Your response should be an exact transcription of the data, images excluded.

### Recorded data:
────────────────
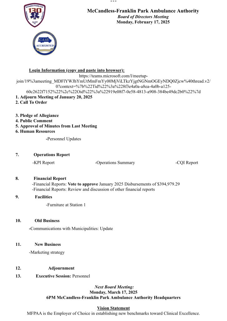 Board Meeting Agenda 2/17/25
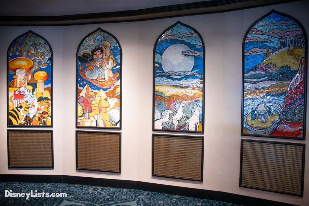 The Grand Hall is the heart of a Disney Cruise Line ship, and every space is unique. On the Disney Treasure, the Grand Hall embodies the ship’s theme of adventure, with statues and décor that call on the gilded palace and wonder of Agrabah from Walt Disney Animation Studios’ classic tale, “Aladdin.” The space is beautiful, and we enjoyed sitting for a while and enjoying our surroundings. The Grand Hall serves as the ship’s most prominent gathering space and offers its own dedicated entertainment moments and surprises.
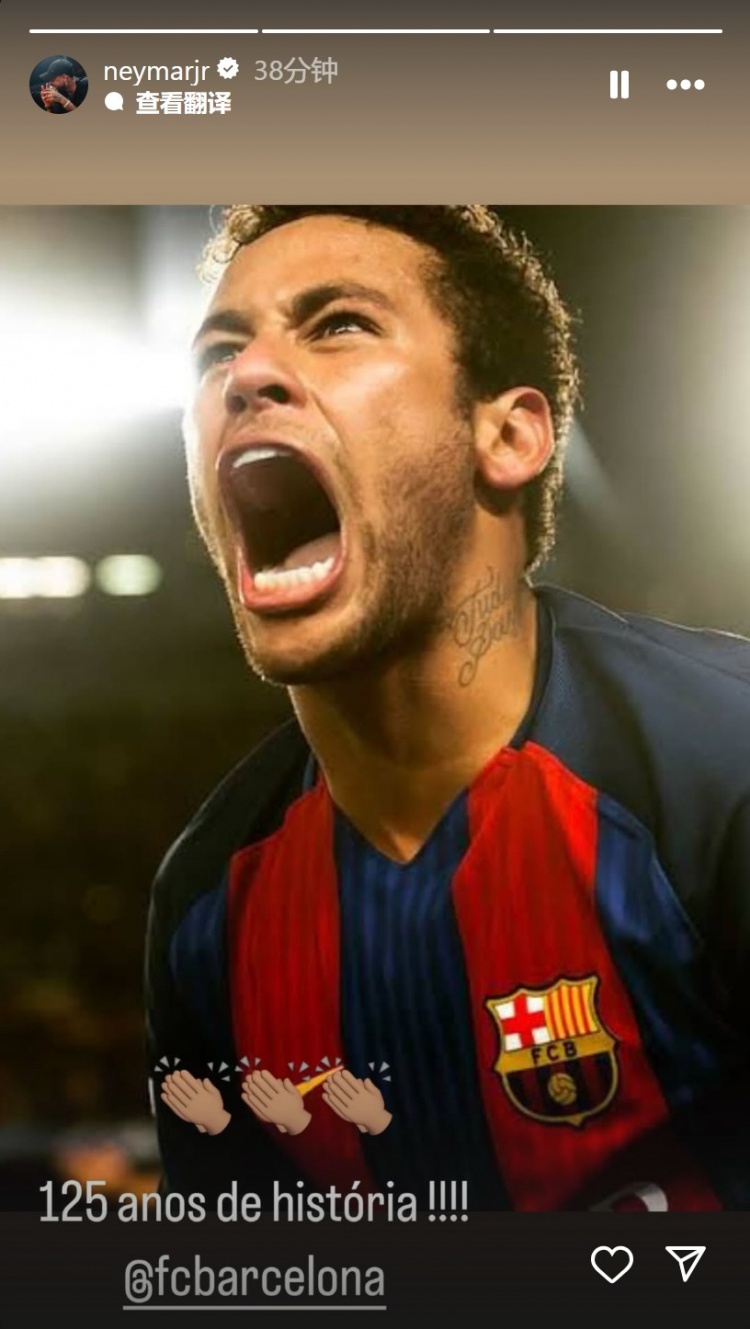 內(nèi)馬爾曬出自己身穿巴薩戰(zhàn)袍的照片,并寫道:125年的歷史??!
────────────────
### Result for this exercise:
 Board Meeting Agenda 2/17/25
 The Grand Hall is the heart of a Disney Cruise Line ship, and every space is unique. On the Disney Treasure, the Grand Hall embodies the ship’s theme of adventure, with statues and décor that call on the gilded palace and wonder of Agrabah from Walt Disney Animation Studios’ classic tale, “Aladdin.” The space is beautiful, and we enjoyed sitting for a while and enjoying our surroundings. The Grand Hall serves as the ship’s most prominent gathering space and offers its own dedicated entertainment moments and surprises.
 內(nèi)馬爾曬出自己身穿巴薩戰(zhàn)袍的照片,并寫道:125年的歷史??!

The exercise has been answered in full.